**Task goal**
Your copy should hold only the lines from the one containing "为引导青年学子在实践中受教育" through the final line of the entries, exactly as written, with no pictures.

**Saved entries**
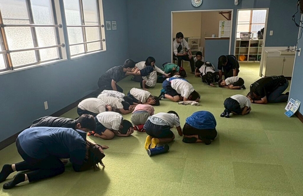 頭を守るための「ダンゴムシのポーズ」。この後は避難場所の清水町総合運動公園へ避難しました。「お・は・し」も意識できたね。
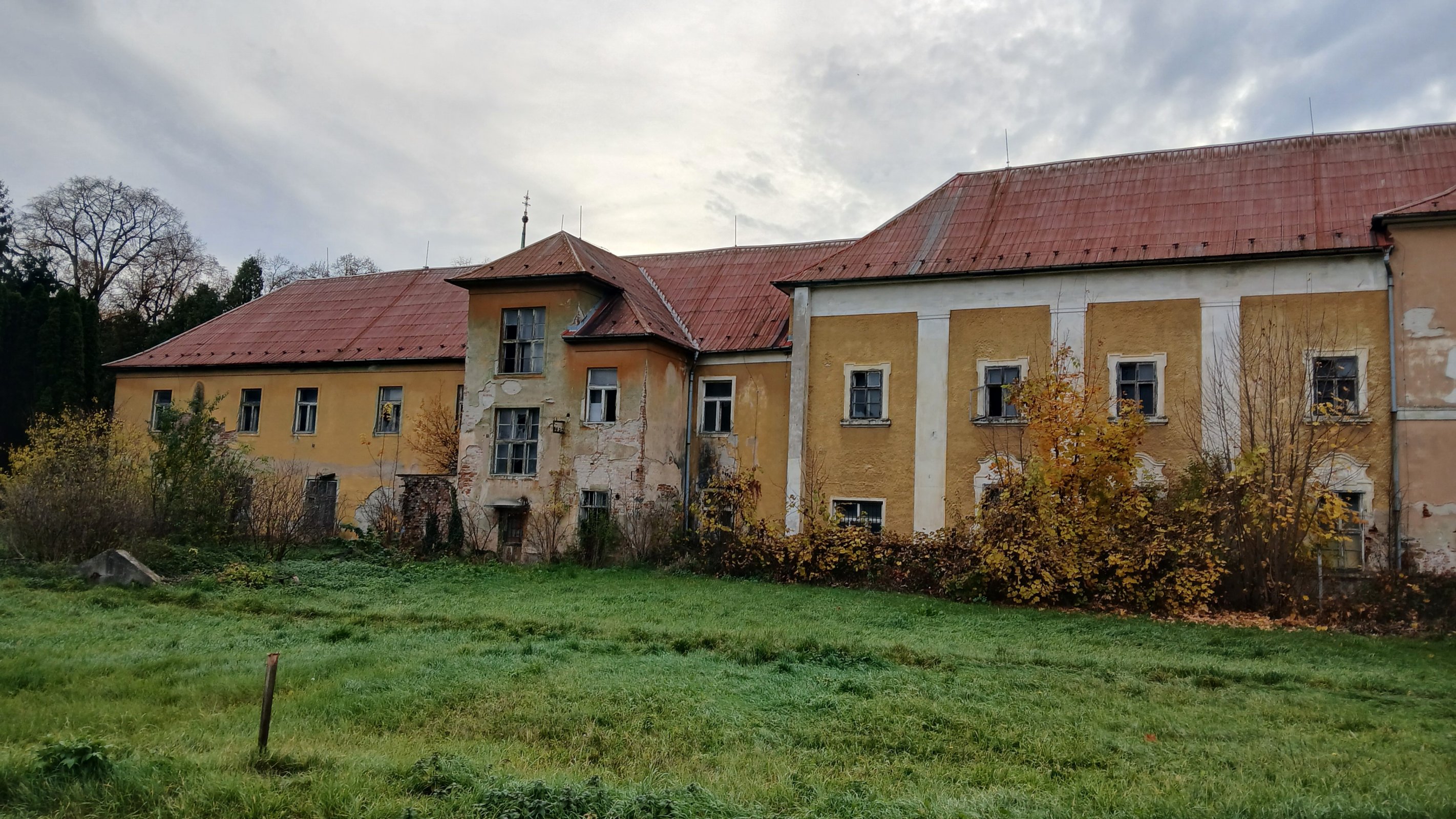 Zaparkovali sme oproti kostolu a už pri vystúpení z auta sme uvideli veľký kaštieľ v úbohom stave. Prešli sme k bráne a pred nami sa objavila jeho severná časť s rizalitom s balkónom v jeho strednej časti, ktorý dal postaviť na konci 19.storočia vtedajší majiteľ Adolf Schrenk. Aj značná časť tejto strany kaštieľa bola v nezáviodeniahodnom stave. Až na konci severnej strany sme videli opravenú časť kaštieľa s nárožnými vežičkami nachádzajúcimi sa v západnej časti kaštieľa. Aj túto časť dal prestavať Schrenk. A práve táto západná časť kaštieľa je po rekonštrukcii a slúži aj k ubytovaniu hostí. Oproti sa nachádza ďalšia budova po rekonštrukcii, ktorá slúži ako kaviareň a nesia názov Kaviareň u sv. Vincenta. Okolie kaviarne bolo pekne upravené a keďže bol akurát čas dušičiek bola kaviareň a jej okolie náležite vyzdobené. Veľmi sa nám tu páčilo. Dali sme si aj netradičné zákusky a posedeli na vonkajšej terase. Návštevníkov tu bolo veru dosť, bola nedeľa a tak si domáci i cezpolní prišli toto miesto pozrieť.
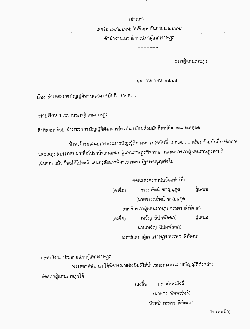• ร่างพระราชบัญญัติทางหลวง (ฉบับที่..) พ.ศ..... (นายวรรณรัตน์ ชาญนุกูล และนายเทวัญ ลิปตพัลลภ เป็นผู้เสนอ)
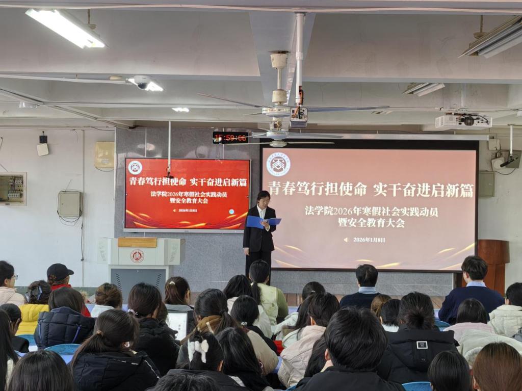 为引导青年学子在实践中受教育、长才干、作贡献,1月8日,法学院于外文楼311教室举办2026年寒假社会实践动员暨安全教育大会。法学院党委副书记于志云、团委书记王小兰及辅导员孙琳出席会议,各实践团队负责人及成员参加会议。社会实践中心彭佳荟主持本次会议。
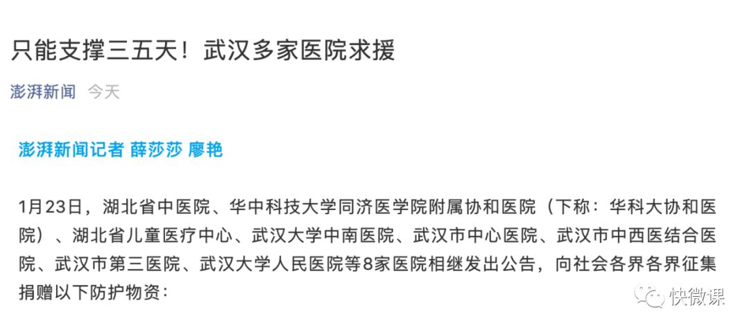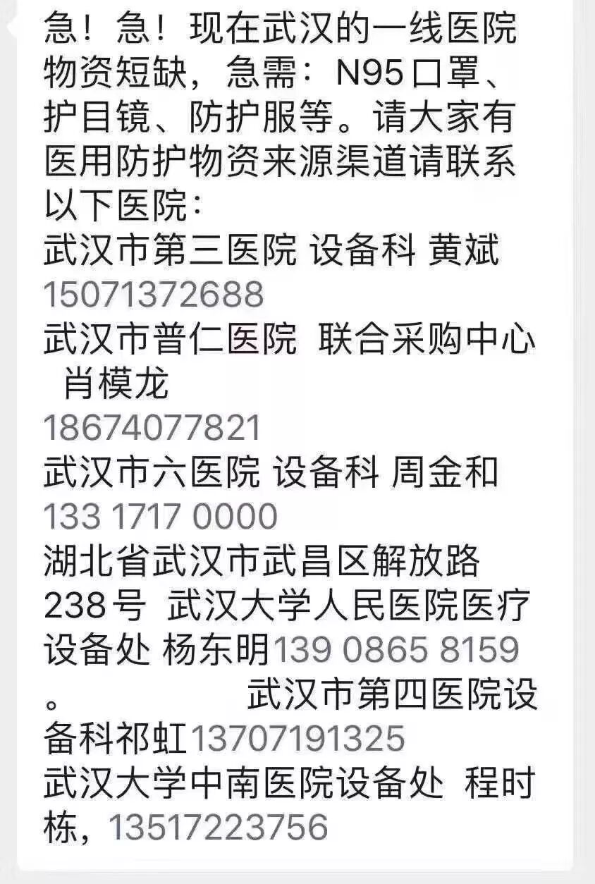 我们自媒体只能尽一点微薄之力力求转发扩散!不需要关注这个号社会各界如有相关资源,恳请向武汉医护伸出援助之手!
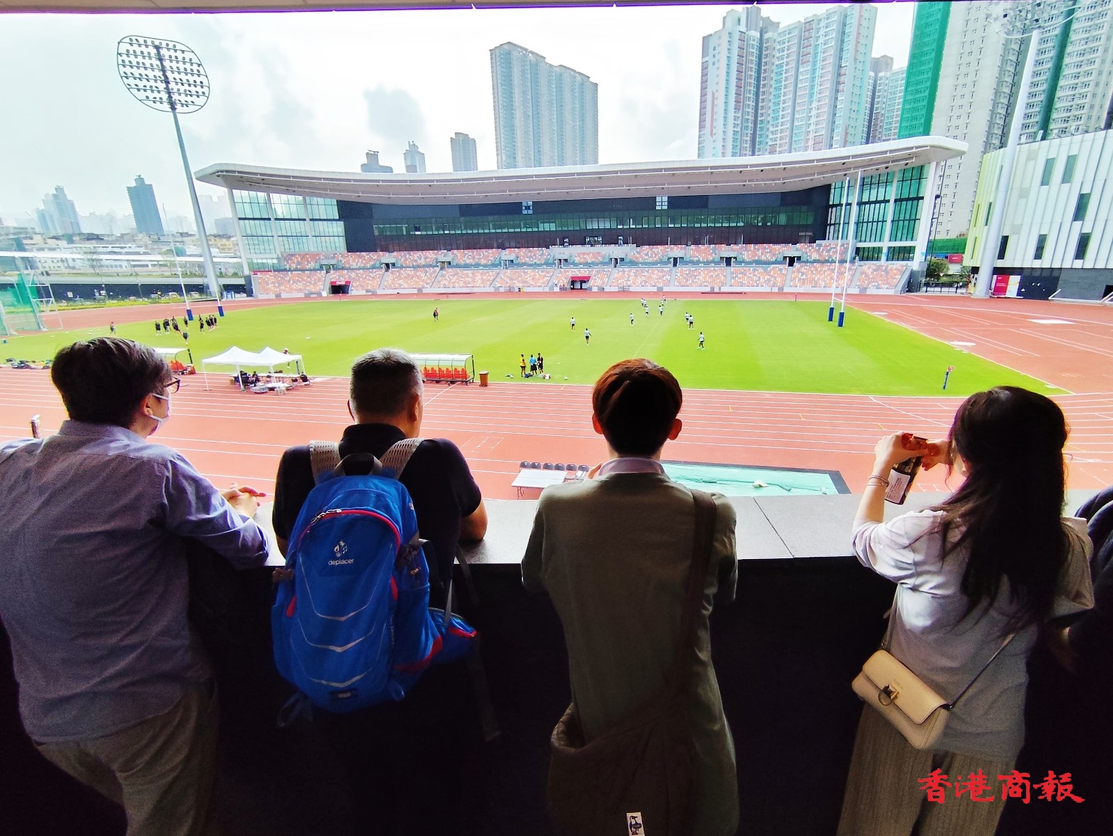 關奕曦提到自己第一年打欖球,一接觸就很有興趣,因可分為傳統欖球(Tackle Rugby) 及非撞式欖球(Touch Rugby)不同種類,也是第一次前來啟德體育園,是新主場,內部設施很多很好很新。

**Task result**
 为引导青年学子在实践中受教育、长才干、作贡献,1月8日,法学院于外文楼311教室举办2026年寒假社会实践动员暨安全教育大会。法学院党委副书记于志云、团委书记王小兰及辅导员孙琳出席会议,各实践团队负责人及成员参加会议。社会实践中心彭佳荟主持本次会议。
 我们自媒体只能尽一点微薄之力力求转发扩散!不需要关注这个号社会各界如有相关资源,恳请向武汉医护伸出援助之手!
 關奕曦提到自己第一年打欖球,一接觸就很有興趣,因可分為傳統欖球(Tackle Rugby) 及非撞式欖球(Touch Rugby)不同種類,也是第一次前來啟德體育園,是新主場,內部設施很多很好很新。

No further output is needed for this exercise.